◆ **Work request**: Everything from the line containing "adidas - سويت" through the line containing "我们将讲师介绍与课表功能进行" in the listing below should be copied exactly, and nothing more.

◆ **The records**:

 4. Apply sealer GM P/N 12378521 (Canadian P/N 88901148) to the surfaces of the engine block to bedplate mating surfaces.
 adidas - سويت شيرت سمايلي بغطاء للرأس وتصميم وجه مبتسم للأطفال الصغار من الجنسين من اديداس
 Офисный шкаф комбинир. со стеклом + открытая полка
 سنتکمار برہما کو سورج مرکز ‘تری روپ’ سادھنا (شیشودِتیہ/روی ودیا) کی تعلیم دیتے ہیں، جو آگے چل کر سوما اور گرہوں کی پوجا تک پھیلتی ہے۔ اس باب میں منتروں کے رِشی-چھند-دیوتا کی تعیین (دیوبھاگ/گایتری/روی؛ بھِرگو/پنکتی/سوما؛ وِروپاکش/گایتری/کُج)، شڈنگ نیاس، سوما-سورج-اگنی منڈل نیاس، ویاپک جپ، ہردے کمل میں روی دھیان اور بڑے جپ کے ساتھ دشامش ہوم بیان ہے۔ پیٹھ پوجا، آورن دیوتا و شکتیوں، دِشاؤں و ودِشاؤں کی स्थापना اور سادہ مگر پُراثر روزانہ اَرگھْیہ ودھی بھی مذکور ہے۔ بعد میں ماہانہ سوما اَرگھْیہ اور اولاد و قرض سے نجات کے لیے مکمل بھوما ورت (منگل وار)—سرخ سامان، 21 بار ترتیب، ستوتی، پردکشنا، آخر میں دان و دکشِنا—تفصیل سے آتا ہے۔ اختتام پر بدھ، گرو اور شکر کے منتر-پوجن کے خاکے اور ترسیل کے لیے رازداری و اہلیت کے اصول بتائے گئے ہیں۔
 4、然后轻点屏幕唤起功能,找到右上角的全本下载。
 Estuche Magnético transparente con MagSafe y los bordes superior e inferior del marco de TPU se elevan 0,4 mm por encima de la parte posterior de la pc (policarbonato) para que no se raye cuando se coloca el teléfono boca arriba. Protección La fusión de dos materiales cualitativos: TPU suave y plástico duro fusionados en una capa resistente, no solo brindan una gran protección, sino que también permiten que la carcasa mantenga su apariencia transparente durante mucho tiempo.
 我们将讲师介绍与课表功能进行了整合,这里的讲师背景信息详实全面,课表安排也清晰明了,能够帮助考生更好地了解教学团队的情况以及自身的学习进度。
--
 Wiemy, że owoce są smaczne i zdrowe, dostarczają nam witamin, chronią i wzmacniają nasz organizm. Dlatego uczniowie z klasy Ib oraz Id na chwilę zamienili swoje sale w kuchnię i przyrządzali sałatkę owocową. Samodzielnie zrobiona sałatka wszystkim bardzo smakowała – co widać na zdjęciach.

◆ **Exercise response**:
 adidas - سويت شيرت سمايلي بغطاء للرأس وتصميم وجه مبتسم للأطفال الصغار من الجنسين من اديداس
 Офисный шкаф комбинир. со стеклом + открытая полка
 سنتکمار برہما کو سورج مرکز ‘تری روپ’ سادھنا (شیشودِتیہ/روی ودیا) کی تعلیم دیتے ہیں، جو آگے چل کر سوما اور گرہوں کی پوجا تک پھیلتی ہے۔ اس باب میں منتروں کے رِشی-چھند-دیوتا کی تعیین (دیوبھاگ/گایتری/روی؛ بھِرگو/پنکتی/سوما؛ وِروپاکش/گایتری/کُج)، شڈنگ نیاس، سوما-سورج-اگنی منڈل نیاس، ویاپک جپ، ہردے کمل میں روی دھیان اور بڑے جپ کے ساتھ دشامش ہوم بیان ہے۔ پیٹھ پوجا، آورن دیوتا و شکتیوں، دِشاؤں و ودِشاؤں کی स्थापना اور سادہ مگر پُراثر روزانہ اَرگھْیہ ودھی بھی مذکور ہے۔ بعد میں ماہانہ سوما اَرگھْیہ اور اولاد و قرض سے نجات کے لیے مکمل بھوما ورت (منگل وار)—سرخ سامان، 21 بار ترتیب، ستوتی، پردکشنا، آخر میں دان و دکشِنا—تفصیل سے آتا ہے۔ اختتام پر بدھ، گرو اور شکر کے منتر-پوجن کے خاکے اور ترسیل کے لیے رازداری و اہلیت کے اصول بتائے گئے ہیں۔
 4、然后轻点屏幕唤起功能,找到右上角的全本下载。
 Estuche Magnético transparente con MagSafe y los bordes superior e inferior del marco de TPU se elevan 0,4 mm por encima de la parte posterior de la pc (policarbonato) para que no se raye cuando se coloca el teléfono boca arriba. Protección La fusión de dos materiales cualitativos: TPU suave y plástico duro fusionados en una capa resistente, no solo brindan una gran protección, sino que también permiten que la carcasa mantenga su apariencia transparente durante mucho tiempo.
 我们将讲师介绍与课表功能进行了整合,这里的讲师背景信息详实全面,课表安排也清晰明了,能够帮助考生更好地了解教学团队的情况以及自身的学习进度。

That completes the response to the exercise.